Do two LGBT Pride marches in New York City taking place on the same day next month show the failure of Pride to accommodate everyone, or the acceptance that Pride means very different things to very different people?

Does the presence of two marches symbolize fracture at a time when the LGBT community would be better placed to come together to face down common homophobic foes, or is it a sign of healthy plurality, a true showing of how diverse the LGBT community is, and a timely opportunity to engage in voluble political protest?

On Sunday, June 30, you will be able to take your practical and philosophical pick (or do both) between two very different Pride marches in New York City.

The main NYC Pride March, organized by Heritage of Pride, sets off at noon in the shadow of the Flatiron Building, from 26th Street and Fifth Avenue, making its way downtown to Greenwich Village and the Stonewall Inn, before switching to come uptown and finishing at 23rd Street and Seventh Avenue. (This is good, if inevitably chaotic, news for my excellent local diner, the Malibu, on that very corner.)

Four million people are expected to attend—this year not only marks the 50th anniversary of the Stonewall Riots, but it is also World Pride. Organizers expect New York City to be bursting at the seams with LGBT people from all over the world.

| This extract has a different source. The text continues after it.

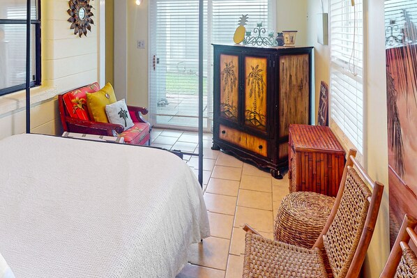 Bright, colorful, and cozy, this charming retreat features a full kitchen with everything you need to prepare quick beach snacks or full-course dinners. Dine at the intimate breakfast bar or the pub-height table, and then relax on the sofa bed while you stream all your favorite TV channels into the evening using your own accounts.

The breakaway Queer Liberation March, organized by the Reclaim Pride Coalition, begins earlier, at 9:30 a.m. that day, on Seventh Avenue, just below Christopher Street—so within sight of the Stonewall—before heading across West 10th Street to Sixth Avenue, and then an epic urban march north to Central Park, entering it at 59th Street and Sixth Avenue before a planned rally on the Great Lawn.

It is a replication of the route taken by the marchers of the first Pride march, then known as the Christopher Street Day Liberation March, in 1970.

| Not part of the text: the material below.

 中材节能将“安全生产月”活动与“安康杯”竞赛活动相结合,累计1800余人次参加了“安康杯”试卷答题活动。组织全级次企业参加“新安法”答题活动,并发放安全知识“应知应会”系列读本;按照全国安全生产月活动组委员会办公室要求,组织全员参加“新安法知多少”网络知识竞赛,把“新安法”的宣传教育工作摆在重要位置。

The 2019 march has been organized by the Reclaim Pride Coalition because of what it sees as the over-corporatization of the main event and the presence of police both marching and patrolling at it; the cops’ presence is seen as problematic by the Reclaim Pride Coalition because of the police’s past homophobia.

The Queer Liberation March proudly boasts no corporate floats, although some police will be on hand, alongside trained marshals, as the march wends its way north from Greenwich Village. It has been endorsed by more than 100 organizations.

The existence of two marches may seem inevitable to those who have followed the years-long saga that pits the large march—with its raft of big-name sponsors, attended and applauded by thousands watching from the sidewalks—against those on the gay left who think that the march has become too bloated and too in hock with those sponsors and certain groupings, like the police or military, that march in the parade.

Similar controversies have flared in New York and at many other Prides, including in cities like Washington, D.C., and Minneapolis, in recent years.

For many, there has been a desire for the Pride march to return to be exactly that, and to be focused on angry and energetic demands for LGBT equality, especially now that the hard-won rights of LGBT people are imperiled under an aggressively anti-LGBT Trump administration.